The printers will start before temp is reached

Right, I also noticed that printing started before the bed was at the right temperature

Working on it...

kisslorand commented 1 year ago

v1 was "proof of concept". In the meantime there was a v2 and now there's v3 version. v3 has the fully implemented "hiccup avoidance" and it comes with a hefty RAM reduction (+1600 bytes) and without FW size change (actually there's a 6 bytes increase :) ). It has many changes under the hood, if you want to take v3 for a ride it is available on Mega.

Please let me know how it goes for you.

Note: There's a bug at the end of a print, but print should be fine. I am working on fixing it.

rondlh commented 1 year ago

I tested v3.01 (R=100mm, cylinder test at 145mm/s without using arcs). All worked as expected, no hiccups, no issues at the beginning or end. Great job!

kisslorand commented 1 year ago

There's a nasty bug at the end of a print and some other during print. I am working on it.

The fix is ready, v3.01 is up on Mega.

kisslorand commented 1 year ago

Made some further work, synced to master, did some bugfixes and even more stability/speed enhancements. As a result v3.1 is up on Mega.

Note: The builds also include PR #2701, PR #2793, PR #2798, PR #2799, PR #2805 and a rework of #2788 (which is a partial fix only and introduces a new bug).

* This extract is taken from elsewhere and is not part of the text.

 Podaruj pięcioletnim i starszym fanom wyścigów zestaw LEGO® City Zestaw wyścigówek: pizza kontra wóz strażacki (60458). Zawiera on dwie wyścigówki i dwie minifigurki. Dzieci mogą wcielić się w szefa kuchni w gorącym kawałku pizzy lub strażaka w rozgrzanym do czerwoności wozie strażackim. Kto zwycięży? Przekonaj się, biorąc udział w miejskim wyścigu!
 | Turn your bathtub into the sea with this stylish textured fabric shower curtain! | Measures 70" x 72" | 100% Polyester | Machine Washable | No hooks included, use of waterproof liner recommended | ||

rondlh commented 1 year ago

I've been testing V3.1 (BTT TFT35 V3.0) for 3 weeks now, with various parts, and did not encounter any issues, and even better, no hesitations or pauses. I think this is a great improvement. Well done!

V1EngineeringInc commented 1 year ago

Sorry for the delay, I am back from MRRF and flashing all the printers now!

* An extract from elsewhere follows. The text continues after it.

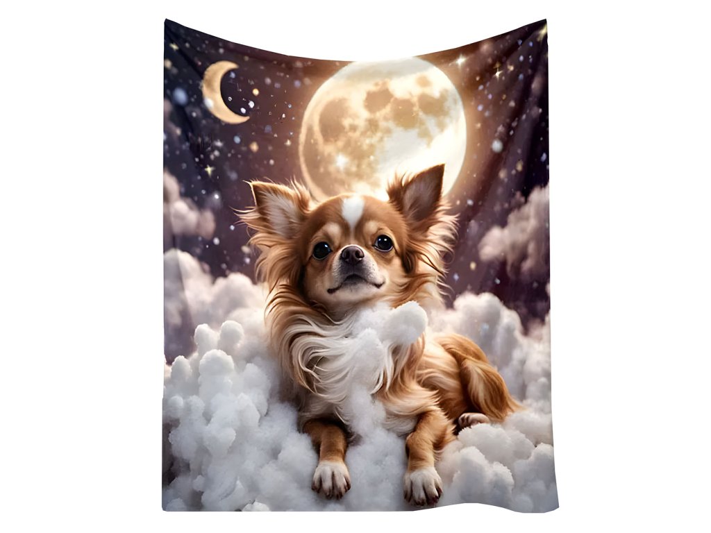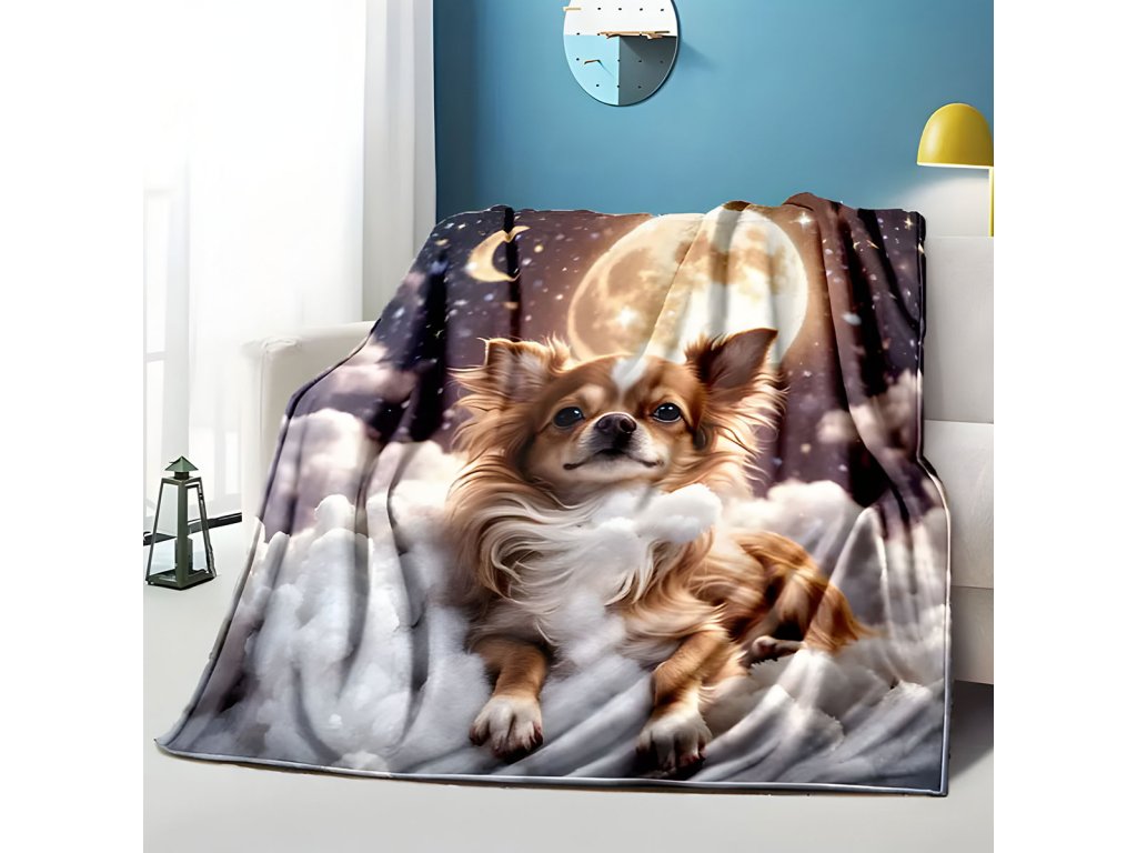 Mikroplyšová hřejivá deka 150x200 cm - Čivava a měsíční svit

V1EngineeringInc commented 1 year ago

While I was there, I got to talk with the CEO and head of the partner company. Some notes were taken we will see if they look into some of the hardware and firmware issues.

V1EngineeringInc commented 1 year ago

I have this in three printers and have not seen any pauses yet.

rondlh commented 1 year ago

So what's next? Update: I made a base implementation of support for Marlin's ADVANCED_OK, which keeps Marlin's command buffers full and prevents buffer underruns, and thus should prevent pauses and hesitations. https://github.com/bigtreetech/BIGTREETECH-TouchScreenFirmware/issues/2819

carlosjln commented 1 year ago

@slwise I tried with BAUDRATE 57600 and it seems to have worked 🤔 I noticed less zits when I dropped from 250000 to 115200, so seemingly 57600 is working. I'm still running my delta at 75% speed controlled from the TFT screen as the extruder can't keep up. So I'll adjust my speeds on the slicer as well.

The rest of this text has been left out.